I'm not a finance/econ guru, so a lot of it is Greek (or Hawaiian) to me...so are you basically telling me I made a good investment? I hope so... :)

I'll go get in my grass skirt now...

 
At 9:10 AM, Blogger Cookie said...

If you got a fixed rate and bought within your means (which I suspect you did --- you strike me as a sensible person :=D ), then you did good.

Here's a rather extreme comparison: I bought my place for less than what most people are paying for a new car these days. !! I also paid cash and bought it lock stock and barrel, all five acres --- meaning interest simply doesn't apply to me and within 4-5 years, I would have spent the amount I paid for this place on rent alone. My value has also almost doubled, thanks almost entirely to sweat equity (elbow grease).

So I'm coming out way ahead and, unless a giant sinkhole opens up and sucks the entire place down, there's no way I can lose, as the value of y land alone is now worth what I paid for land + dwelling.

Compare, though, to a keep up with the Jones conspicuous comsumption couple. They think they make a lot of money --- let's say their income is $120,000 a year. But they have $20,000 i credit card debt and decide to spring for a new house AND a new car, in order to floss up their image.

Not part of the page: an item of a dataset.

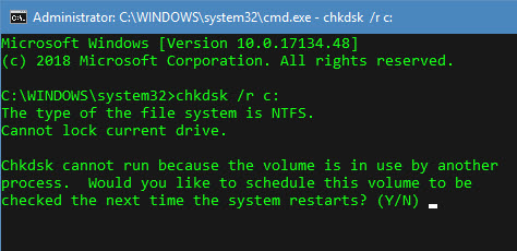 Step 4: After completing the check disk, it will ask you a question regarding checking the disk when the system restarts. Press Y for yes so it can check next time it restarts.

They just can't live without that new Lexus, which will run them around $30,000+ --- and they find the house of their dreams in the toniest new development for $350,000. The problem is, they've missed a few payments on their gas bill or credit card or whatever, so their credit isn't the best.

But they have to have the house, even though they're living ina housing bubble area and the actual value of the house is probably more like, let's say, $175,000. So they buy the house and keep up with the payments for a month or so.

Then ... then Mrs. Conspicuous Consumption falls down their fabulous stone staircase and breaks her hand. Unfortunately, she is also simultaneously laid off (although the boss doesn't want to give her unemployment so he fires her on bogus charges). So she's uneligible for unemployment.

Coincidentally, the housing market is starting to cool down. But they still have those nice interest rates, right? Except they didn't get a fixed rate mortgage.

Then they miss one or two credit card payments too many, and that interest gets hiked to 19%. So they decide to sell the Lexus, but it lost how much of its value? the minute it was driven off the lot and anyone who could afford it wants a new one anyway.

Which is just the start of their problems because the housing bubble hasn't even broken yet where they are.

Really not that extreme an example. All of us know people like this. They're in trouble, especially if they're not paying attention (which they tend not to do).